Friday, November 14, 2003

US Public Patience Wearing Thin - Iraq At Pivotal Moment


Faced with a deadly insurgency abroad and a tide of complaints at home, the White House is hitting the throttle - pushing for faster action on crucial aspects of its strategy toward Iraq.

Thus the US is accelerating its timetable for Iraqi self-government, redoubling military efforts against insurgents via Operation Iron Hammer, and turning up the volume on efforts to sell the American public on the long-term benefit of Iraq transformation.

This movement comes at a moment when the US effort in Iraq may have reached a turning point. A new CIA assessment portrays Iraq as a nation on a knife-edge, balanced between democracy and chaos. Absent a change in direction, the US drive to transform Iraq could still fail, it says.
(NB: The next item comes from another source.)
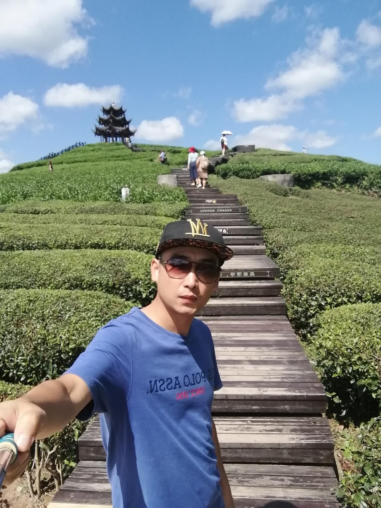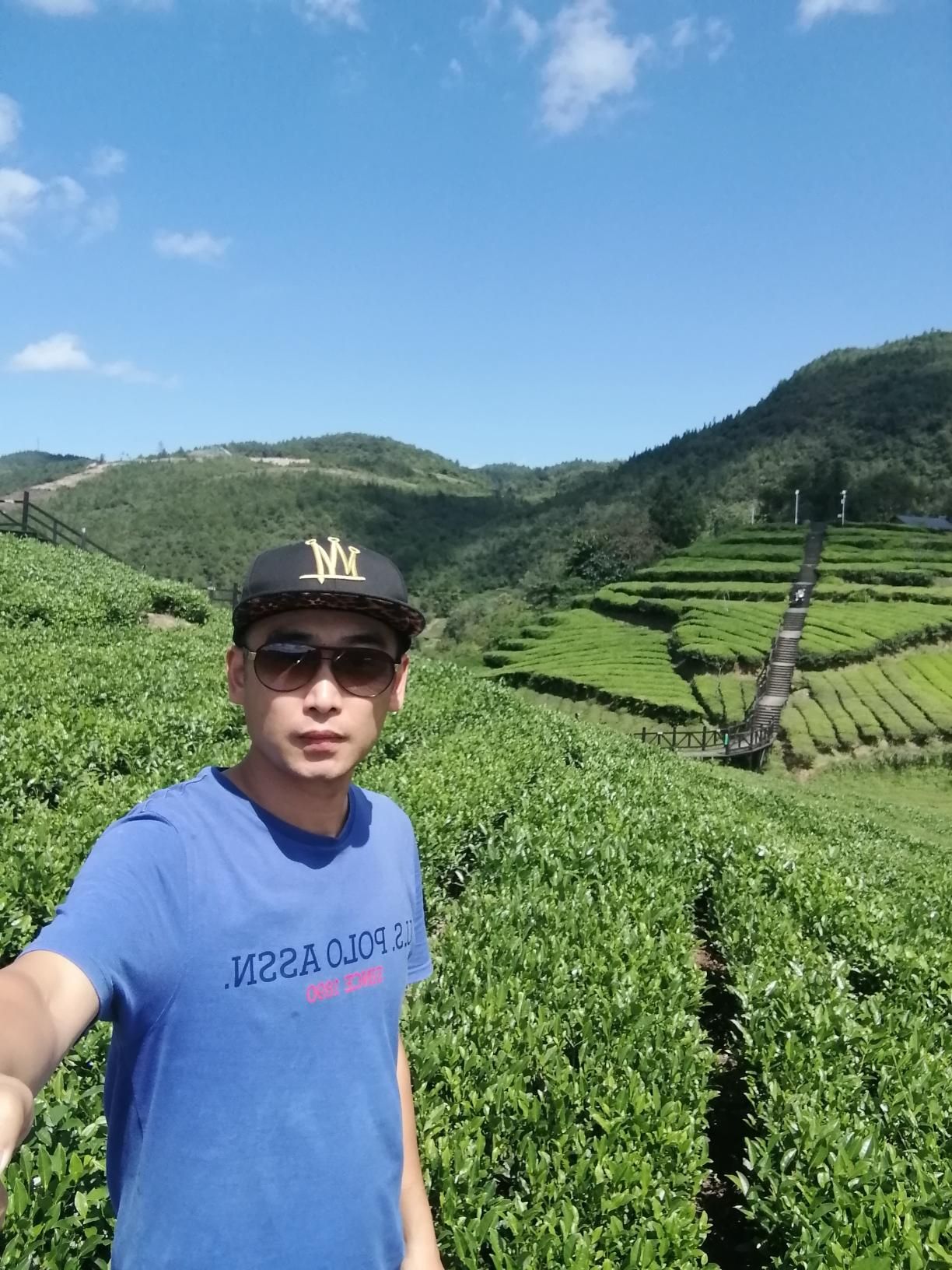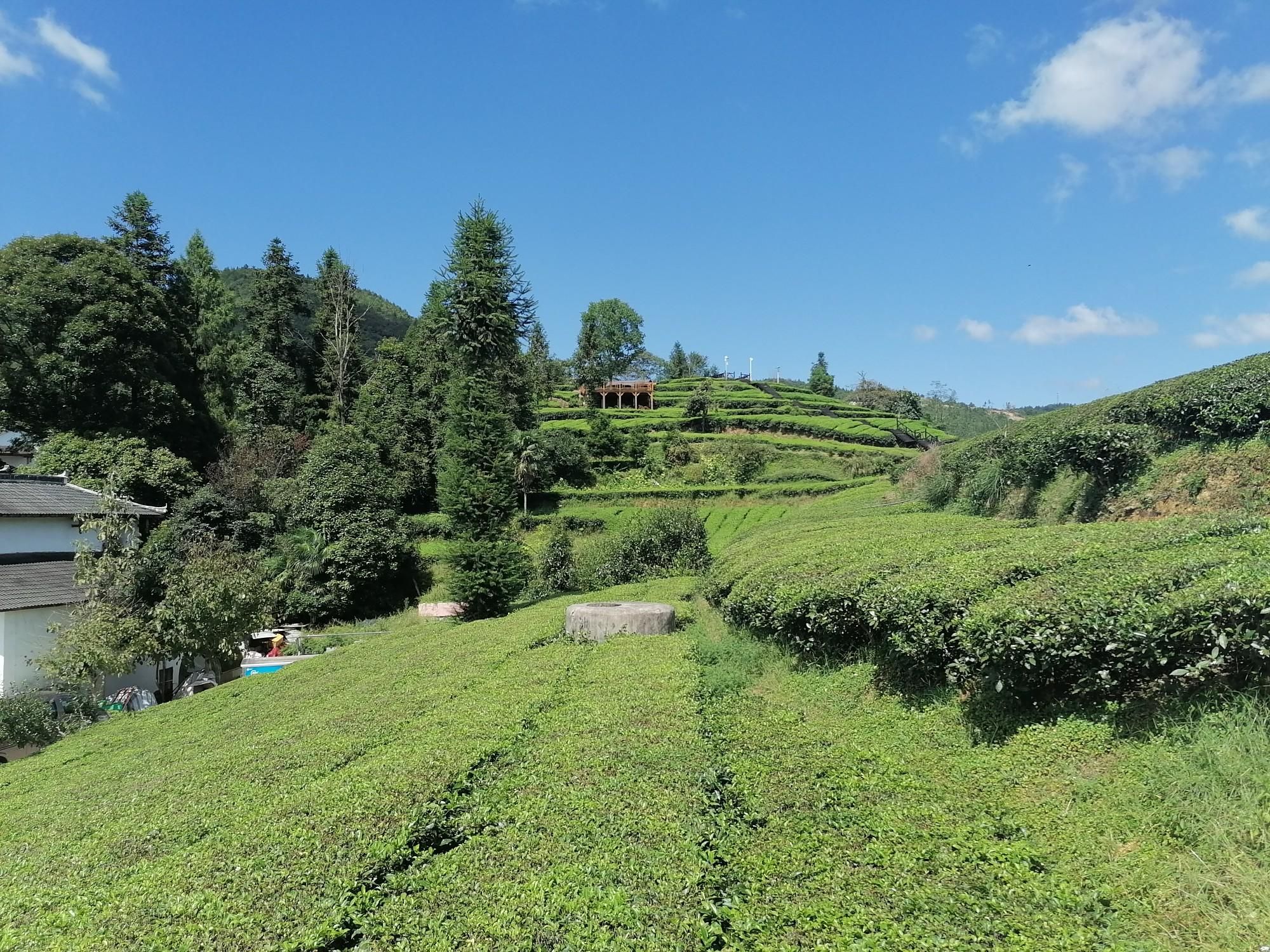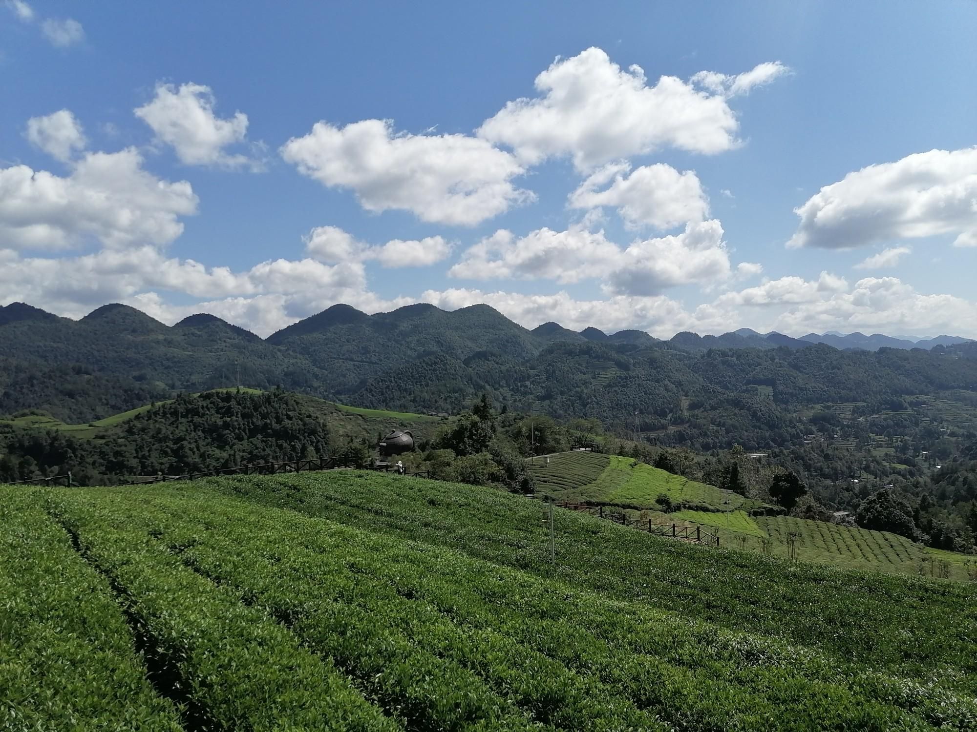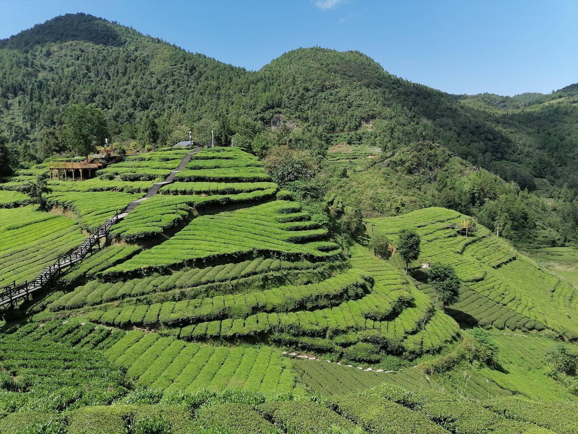 周遭的矮矮浅丘和瓷蓝底色的天空飘着薄薄的白云,看着远处的茶园一层层;层叠有序的梯田,曲折蜿蜒的田间小路,几条木栈道贯通相连着田间茶园,加快脚步急切的要融入这乡间的田野画卷。

Meanwhile, last week Bush attempted to lift America's eyes from the short-term problems in Iraq to the long-term possibilities. In a speech at the National Endowment for Democracy in Washington he pledged an effort to bring democracy to the Middle East comparable to the effort that ended communism in Eastern Europe.

New Urgency, New Risks in 'Iraqification'

At least four factors forced the administration to overhaul its military and political strategy in Iraq, despite the danger that a new approach might actually diminish U.S. control over the country's future.

The foremost factor is the security risk -- from an Iraqi opposition that has become more intense, more effective, more sophisticated and more extensive. The other three are the failure of the Iraqi Governing Council to act, the Dec. 15 U.N. deadline for an Iraqi plan of action and the U.S. elections just a year away, according to administration and congressional officials and U.S. analysts.

"We so underestimated and underplanned and underthought about a post-Saddam Iraq that we've been woefully unprepared," said Sen. Chuck Hagel (R-Neb.), a Vietnam War veteran and member of the Foreign Relations Committee who has frequently visited Iraq. "Now we have a security problem. We have a reality problem. And we have a governance problem. . . . And time is not on our side."